(INPUT DATA)

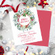 100th Birthday is surrounded by a beautiful and rustic, winter greenery wreath. Soft green pine branches radiate out from a round gold frame. Deep red berries are sprinkled around the gold frame. A deep green holly sprig is placed at the top of the gold frame to add visual interest. The birthday celebrant's name is written in large, pretty script.
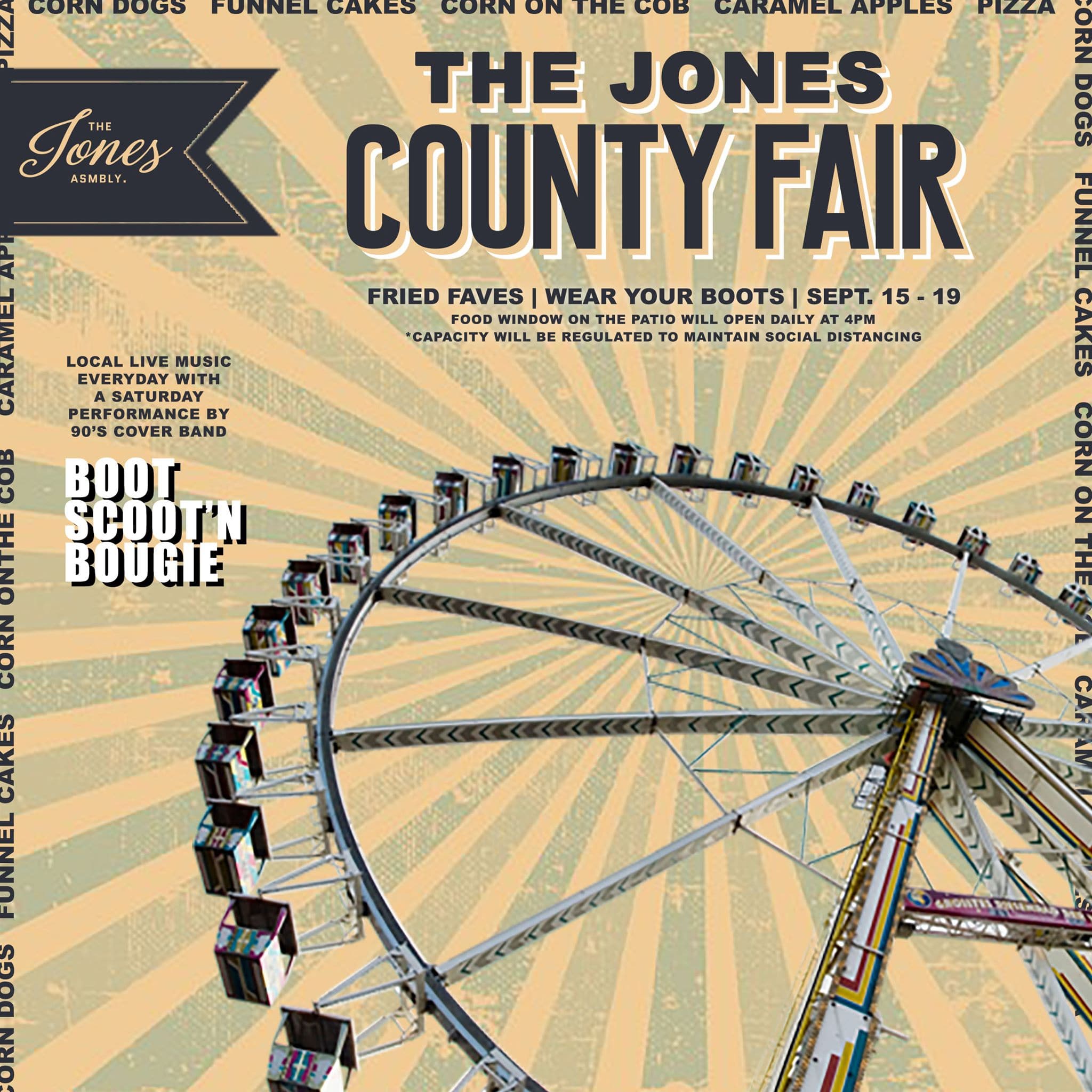 Features an socially distant, fair-themed event with live music and fair food including funnel cakes, caramel apples, corn on the cob, corn dogs and sheet pan pizza served from a patio walk-up window.
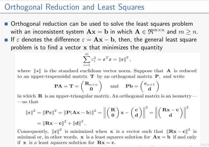 利用正交矩阵的保范性,残差的范数平方可转化为:
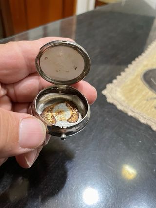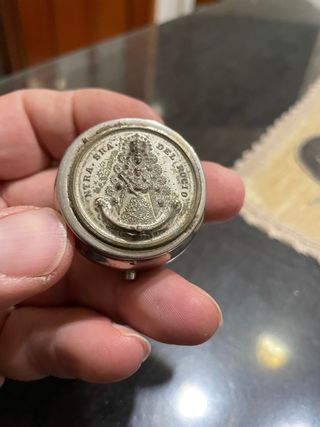 Pastillero con la imagen de la Virgen del Rocío. - Diseño circular. - Grabado detallado de la Virgen.
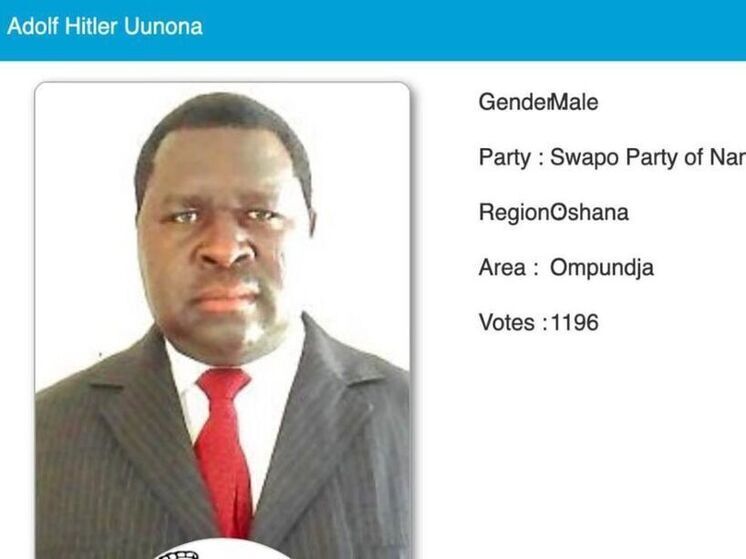 Адольф Гитлер идет на выборы. Нет, это не "старости", не параграф из учебника истории, а самые настоящие новости. Не из параллельной реальности и не из психушки. Из Африки. Точнее, из Намибии. Еще точнее - из округа Омпундья, расположенного на севере страны. Глава местного самоуправления, Адольф Гитлер Уунона, занимающий свой ответственный пост с 2004, намерен продлить возложенное на него бремя власти еще на один срок.

(End INPUT DATA)

Your answer should be the lines above, word for word, from the line with "Features an socially" through the line with "Pastillero con la", minus the pictures.

ANSWER SPACE ▸
 Features an socially distant, fair-themed event with live music and fair food including funnel cakes, caramel apples, corn on the cob, corn dogs and sheet pan pizza served from a patio walk-up window.
 利用正交矩阵的保范性,残差的范数平方可转化为:
 Pastillero con la imagen de la Virgen del Rocío. - Diseño circular. - Grabado detallado de la Virgen.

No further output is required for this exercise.